Tease(34)



Schoen looks over at me, and I scowl. I can’t look her in the face and lie like Brielle can, but I agree that this is completely unfair. Maybe Dylan didn’t make a big fancy sign to ask me to the dance, but that doesn’t mean we don’t have plans—big, after-party hotel room plans—that are now going to be destroyed. My knotty stomach sinks even lower, in an even bigger tangle of knots. Which I didn’t even realize was possible until just now.

“Ladies,” the principal says sharply. “If I have to speak to either of you again, trust me, things will be much worse. I don’t want to have to suspend you. I don’t want to bring your parents in. I trust that you can correct this destructive behavior and show me that you embody the inclusiveness and open-mindedness that Elmwood prides itself on. I am holding you both to a higher standard. I expect you to live up to it.”

At the end of this speech Schoen abruptly stands up from her desk, gesturing toward the door.

“I believe you have classes to return to,” she says.

Even Brielle doesn’t know what to say. But she makes a loud huffing sound as she grabs her bag and pushes out of her chair. She’s already throwing open the principal’s office door as I get up and collect my things.

“Sara,” Schoen says, more quietly. “Think about what I’ve said. You can do better.”

I look at the floor again. I don’t know what to say to this. So I just leave.





September


“SO, WHICH ONE did you pick?”

“Pick? What do you mean?”

“You know. To be, or not to be? Wasn’t that the question?”

We’ve just passed our papers forward to Mr. Rodriguez and Carmichael is giving me this totally serious look. A second ago I was sweating, not sure I’d finished the last essay question very well, not sure why I care about my summer school pass/fail status at all, and now I’m looking at Carmichael’s green eyes. Which have—it has to be said—a twinkle in them.

“You’re messing with me,” I say, trying to push down the smile at the corners of my mouth. Trying to not look shocked, though I kind of am. “You’re being funny.”

“I have my moments,” he says.

For a second we look at each other and we both smile, like we’re having a moment. Together.

And I guess we did have a moment—a last one. That was our last test. Carmichael is picking up his bag and getting up now, and I feel my stomach drop. We finished watching the movie on Saturday, but we didn’t really talk after the Emma thing, and now he’s going to walk out and bike away and I’ll be alone again. Or I’ll go back to see Dylan, and just end up feeling worse. Something about Carmichael makes me feel . . . not worse.

“Hey, you want to get, um, a drink?” I blurt, grabbing my own bag and sort of stumbling out of my chair, trying to catch up with him before he’s gone.

Carmichael turns. He pushes his hair back with one hand and raises an eyebrow, and I realize what I’ve just said. “I don’t really drink,” he says seriously. “Not my thing.”

“I didn’t mean drink drink,” I say quickly. “I meant, you know, coffee. Or tea. Or iced tea. Or iced coffee.”

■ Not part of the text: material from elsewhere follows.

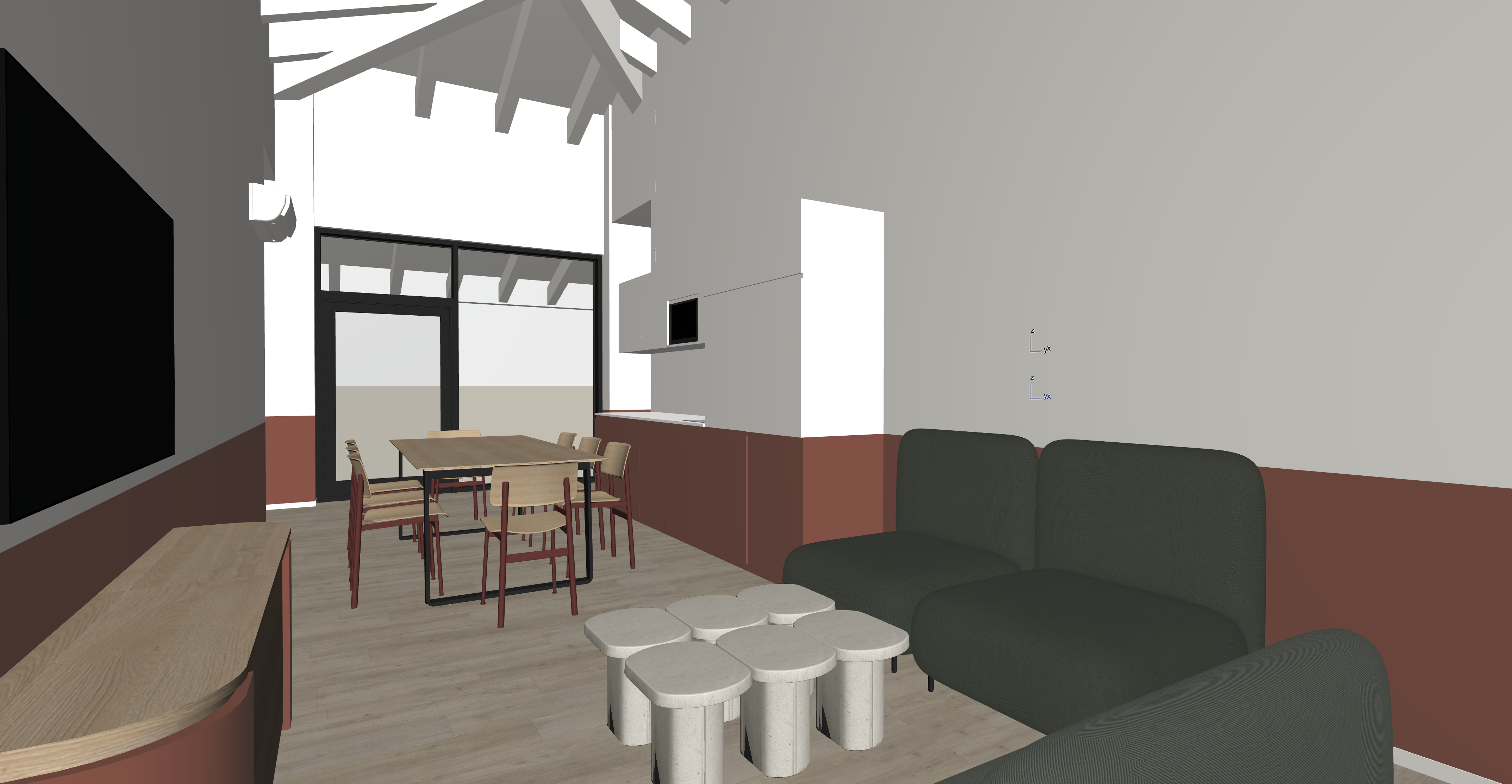 soffitto in legno rovere sbiancato nascondi esterno ma fai entrare luce naturale divano in tessuto verde molto scuro inserisci strip led sotto pensili cucina arreda la stanza come uno studente universitario no poster alle pareti mantieni color terracotta

“Or one of each,” he says.

“Sure,” I say, wishing I could just talk like a normal person. Brielle would—well, I already know. Brielle would not approve. But Carmichael is smiling at me again, and nodding, and I nod back at him and we walk together to my car.

We don’t talk while I drive—the closest Starbucks is only about a block away from school, so it’s more like moving the car to another parking lot—and by the time we’re sitting down with our drinks I realize I seriously don’t know what to say to him. I stare at his Occupy This T-shirt and wonder why I never watch the news; maybe I’d have something interesting to bring up right now if I knew anything besides a few theories on Hamlet’s manic-depressive personality.

But of course I don’t watch the news. Sometimes I’m on the news.

“So,” Carmichael says, finally breaking the silence. He shakes his venti iced green tea, rattling the ice, sighs. “Real school in a couple days.”

“Go seniors,” I say, with zero enthusiasm in my voice.

“Are you gonna be there?” he asks, and the bluntness of the question takes me by surprise.

Of course I know exactly what he’s asking. I look down at the ring of condensation my iced latte is making on the table and shrug. “Yeah,” I say. “I mean, I have to go to court in like a month. But for now, yeah, I’ll be in school.”

I can’t look up at him, but I feel him nodding. “That’s rough,” he says.

“Yeah,” I say again. It is rough. I don’t know what else to say.

“People judging you . . . I mean, whatever happened, that’s hard,” he adds.

Finally I look up at him again. He’s staring at me like I might not understand what he means, like I might not believe him. Like I haven’t been judging him since the second I laid eyes on him—first as a hot emo guy, then as a pathetic burnout. I didn’t even know him that whole time. All I know, even now, is that he’s the type of guy who will talk to me—will have coffee with the girl who’s been accused of a horrible crime.